Sicario is a powerful well written and visceral depiction of the horrors and ambiguities of America’s war on drugs that harkens back to similarly excellent films in the Mexican drug war genre like Miss Bala (2011) and Traffic (2000).

Kate Macer (Emily Blunt) is a fearless young female FBI agent, who wants to make a difference but is growing frustrated by the system. She volunteers to help a black-ops mission that promises to find and stop the people at the top, responsible for the terror and deaths on both sides of the border.

What Kate soon learns is that no one is playing by the rules anymore and in order to catch the kind of rabid individuals for whom life and brutality go hand in hand, she may have to give up everything she believes in. One mysterious brooding character on the team played by Benicio del Toro tells her; “You will not survive here. You are not a wolf. This is the land of wolves now.” 

French Canadian director Denis Villeneuve, Incendies (2010), Prisoners (2013), Enemy (2013), is at the top of his game with this latest crime thriller about Mexican drug cartels and the war on drugs that continues to claim the lives of thousands of innocent people. 
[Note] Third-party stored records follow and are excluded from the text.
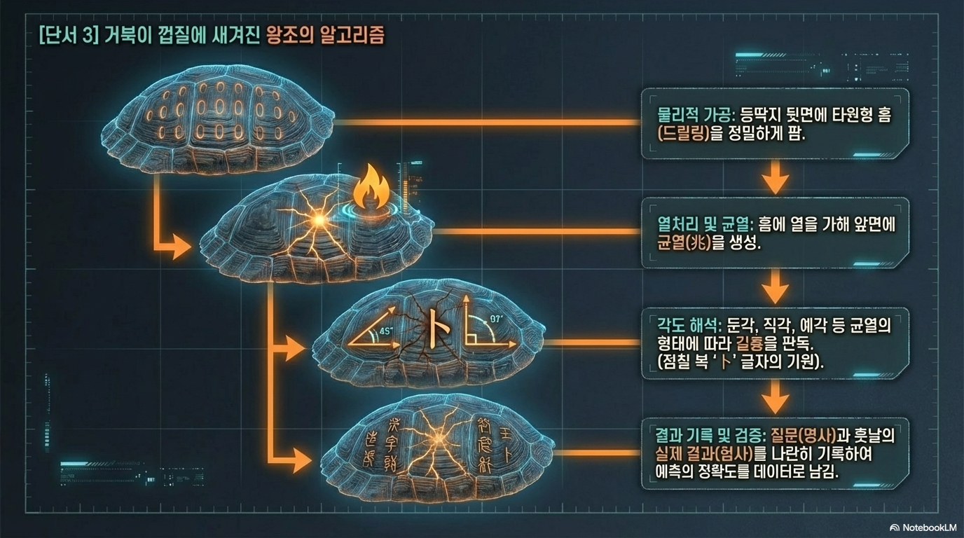 상나라를 지배한 감정은 '공포와 경건'이었습니다. 그들은 국가의 대사를 결정할 때 신의 뜻을 물었고, 그 과정에서 인간을 제물로 바치는 **'인신 공희'**를 국가적 의례로 행했습니다. 이는 단순한 야만이 아니라, 신과의 소통을 위한 가장 처절하고 엄격한 질서였습니다.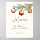 Minimalistisk vinter bröllopsdusch välkomstskylt affisch med akvarelltallgren dekorerad med julgranskulor.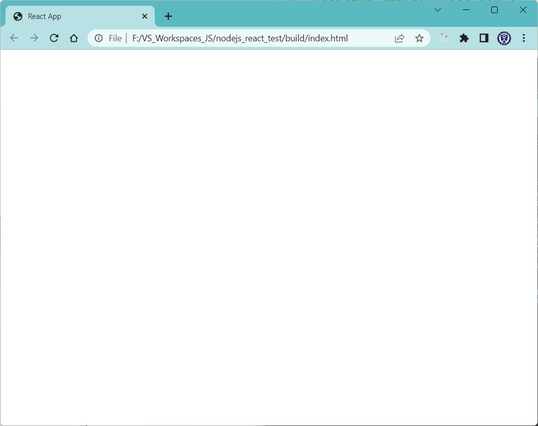 위에 보시는 것처럼 빌드 폴더 안에 보면 여러 가지 파일들이 생성되어 있는데 이 중에서 웹을 시작하게 하는 파일은 index.html입니다. 상식적으로 리액트로 만든 웹앱을 실행하려면 저 index.html 파일을 브라우저에서 열면 된다라고 알고 있습니다만 실제로 열어보면 브라우저에서는 아무것도 표시되지 않습니다.
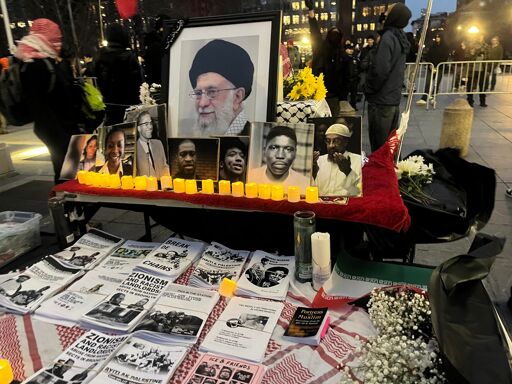 More than 250 antiwar demonstrators gathered last night in downtown Manhattan to commemorate the life and honor رحمها the martyrdom of Emam Ayatollah Ali Khamenei. Speakers represented a broad coalition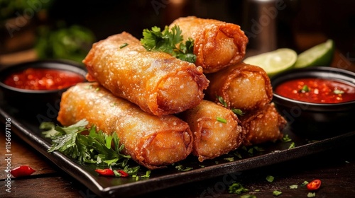 Crispy golden fried spring rolls with fresh herbs, Deep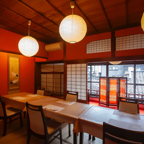 中庭を望める個室に加え、一階テーブル席なので足の不自由なお客様でも安心してお食事をして頂けるところ。ランプの個室はこのお部屋が元祖でランプ越しの中庭撮影は写真を撮るベストポイント!少人数のご予約でもご要望あればお通し可。※ご予約の状況により受けられないこともあり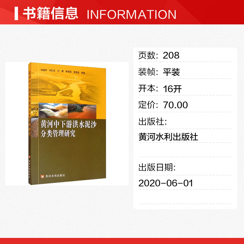 图书籍 社 著 新 专业科技 水利 等 建筑 黄河水利出版 黄河中下游洪水泥沙分类管理研究 新华书店正版 刘继祥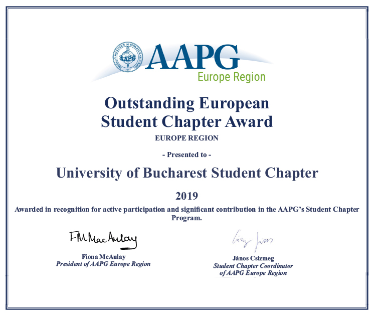 Bucharest Student Chapter din cadrul Facultății de Geologie și Geofizică a Universității din București, afiliat American Association of Petroleum Geologists (AAPG) a primit, în luna iunie 2019, titlul de Outstanding European Student Chapter Award pentru participarea activă și contribuția semnificativă în programul AAPG. Acest titlu se acordă o dată pe an unui singur chapter din Europa.
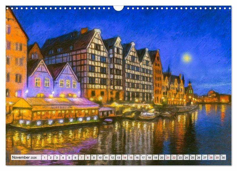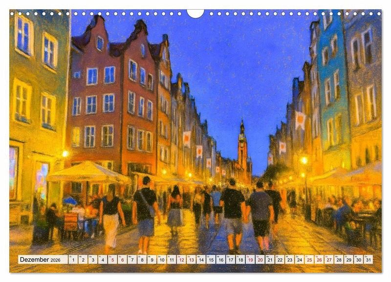Mit dem Kalender "Danzig entdecken - Sehenswürdigkeiten der polnischen Hansestadt" erleben Sie die eindrucksvollsten Orte dieser geschichtsträchtigen Stadt in künstlerisch gestalteten KI-gemalten Motiven. Von der Altstadt mit dem berühmten Krantor, über den Neptunbrunnen am Langen Markt bis hin zur Westerplatte oder der malerischen Frauengasse - jeder Monat präsentiert eine neue Facette Danzigs in liebevoller Kreideoptik.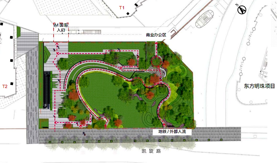 凯旋绿地项目位于新华社区J1街坊J1B-02地块。该地块位于IM Shanghai长宁国际发展广场的西南角,项目总用地面积约3000平方米,拟建设绿化景观面积2460平方米,铺装硬质场地面积约540平方米。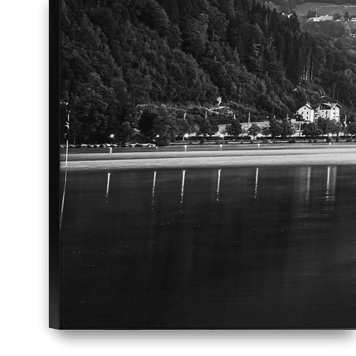 Ein Schwarz-Weiß-Foto von einem frühsommerlichen Sonnenaufgang in Zell am See. Die Stadt liegt am Zeller See, einem See in Zentralösterreich, der u.a. mit Kaprun und der Großglockner Hochalpenstraße verbunden ist.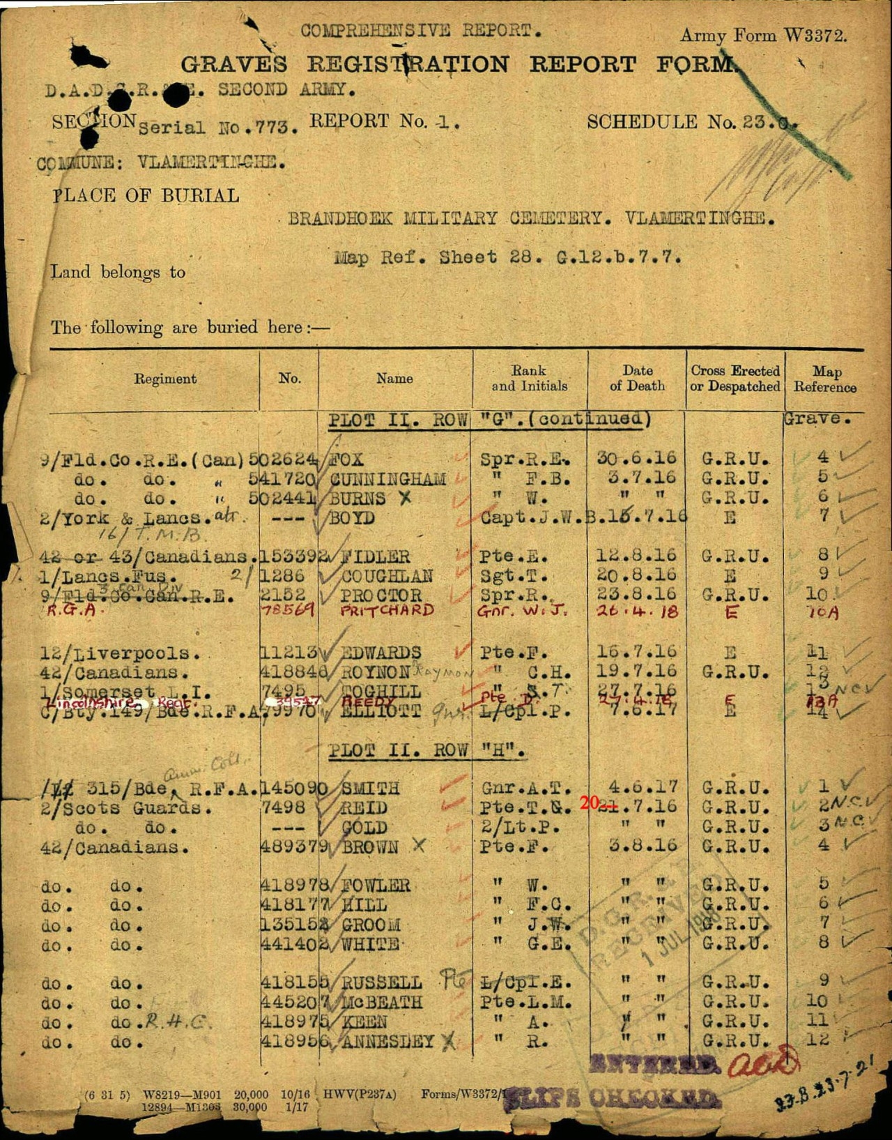 He died on Aug 3, 1916 in Ypres, West Flanders, Belgium1,2 and was buried at Brandhoek Military Cemetery, Vlamertinghe, Belgium in 1916.

The lawless desert wasteland between the US and Mexican border is scarred with corpses both human and vehicular. Nothing lives there for long and aerial vistas of this devastated no man’s land look like satellite images of an alien planet, testament to the changing landscape that has resulted from the increasing violence of the drug war.

Sicario, which means hit man in Mexico, gives us a searing sense of unease that we know something evil is lurking beneath the surface unseen, like the pulse-pounding opening sequence in which a police raid on a seemingly normal house from the outside hides horrific bone-chilling secrets on the inside.

Matt Graver (Josh Brolin) and Alejandro (Benicio del Toro) who head the black-ops team are tasked with stirring up enough chaos and fear to flush out some of the bigger fish that will lead them to the men who are orchestrating the violence from the top.

Visually striking and authentic looking in every way as filmed by master cinematographer Roger Deakins, Sicario is haunting in its disturbing depiction of a dark underground world of death and fear as seen through the eyes of Emily Blunt’s relatively new agent who has many questions that cannot be easily answered.

The paralyzing suspense is palpable as we follow Kate deeper into hostile territory and we’re constantly kept in the dark about who can be trusted and who is operating with their own agenda.

This is an in-your-face hard hitting action drama that pulls no punches as it executes its objective by any means available. The film asks difficult questions about how far we are willing to go to make a difference and how far will we follow the path that may lead us astray and destroy our own moral compass.

Watch for Denis Villeneuve’s next collaboration with Roger Deakins, which is reported to be the much anticipated sequel to Ridley Scott’s cult classic Sci-fi film Blade Runner (1982), scheduled for release in 2017.